For effective AI Evaluations you will need to know what you are testing for, what is your expected input and expected output.
Here is a practical example you can run in a Colab Notebook…
First establish the foundational setup required for the rest of the script to interact with OpenAI’s services…
import pydantic
import openai
from openai.types.chat import ChatCompletion
import os
os.environ["OPENAI_API_KEY"] = os.environ.get("OPENAI_API_KEY", "Your API Key")This code sets up a basic prompt for summarising push notifications and defines a function to call the OpenAI API for generating summaries using a specific model.

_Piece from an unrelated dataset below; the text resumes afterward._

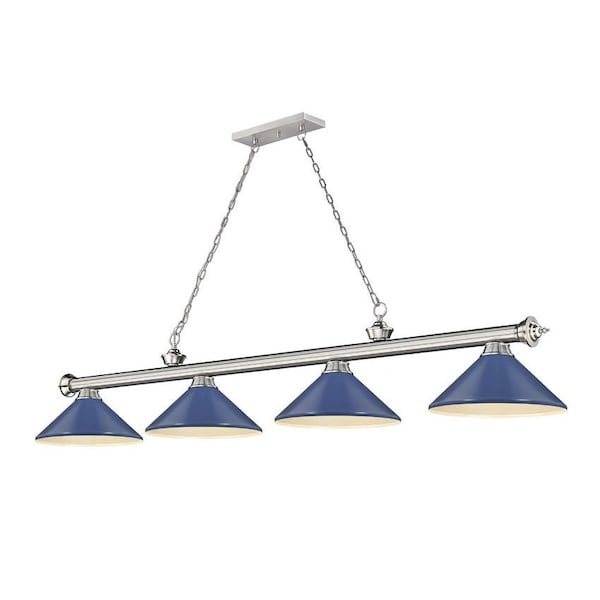 Cordon 4 Light Billiard, Brushed Nickel & Navy Blue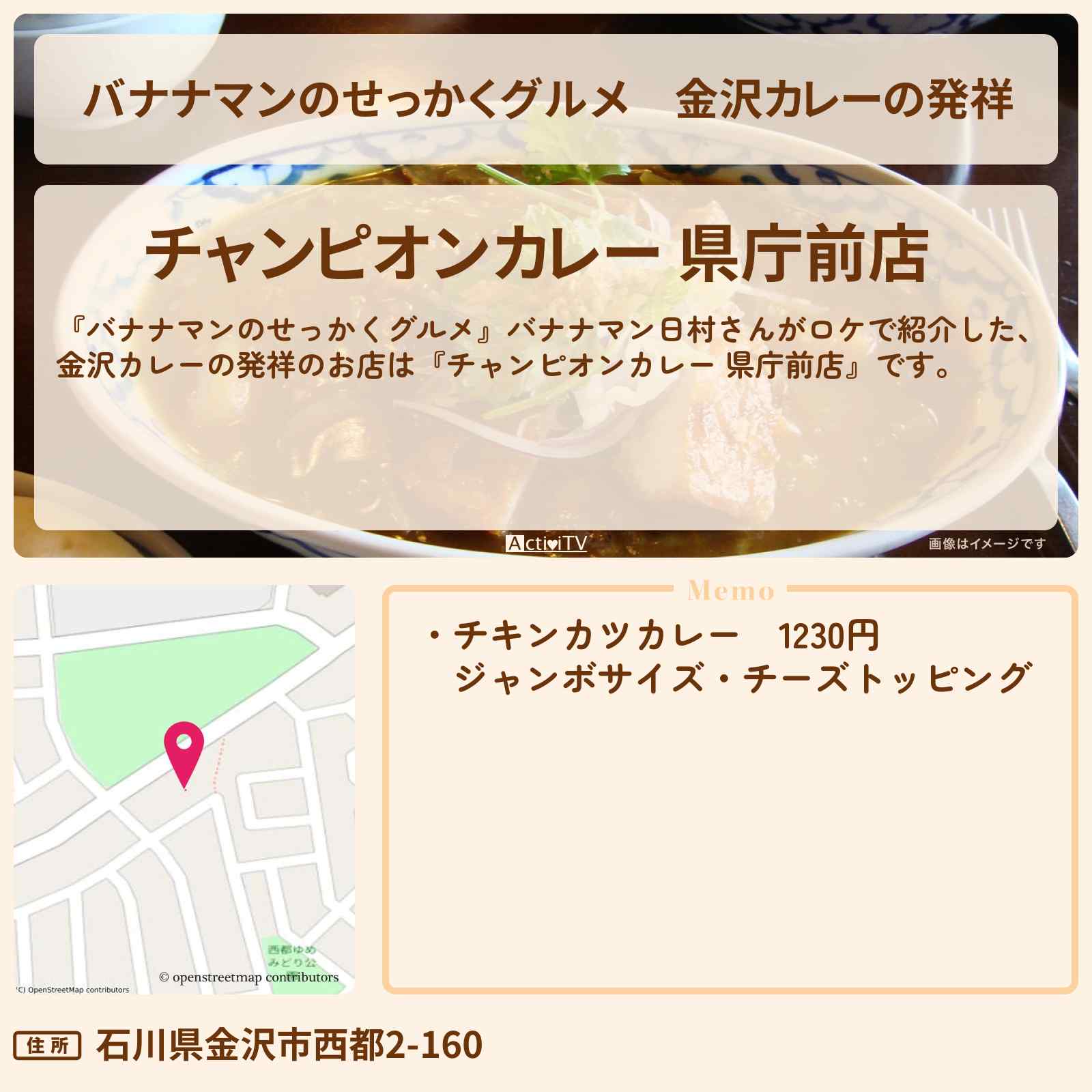 【バナナマンのせっかくグルメ】金沢カレーの発祥『チャンピオンカレー 県庁前店』のお店の場所〔日村勇紀〕

It includes an example usage to demonstrate how the function collapses multiple notifications into one, printing the result for verification.
DEVELOPER_PROMPT = """
You are a helpful assistant that summarizes push notifications.
You are given a list of push notifications and you need to collapse them into a single one.
Output only the final summary, nothing else.
"""
def summarize_push_notification(push_notifications: str) -> ChatCompletion:
result = openai.chat.completions.create(
model="gpt-4o-mini",
messages=[
{"role": "developer", "content": DEVELOPER_PROMPT},
{"role": "user", "content": push_notifications},
],
)
return result
example_push_notifications_list = PushNotifications(notifications="""
- Alert: Unauthorized login attempt detected.
- New comment on your blog post: "Great insights!"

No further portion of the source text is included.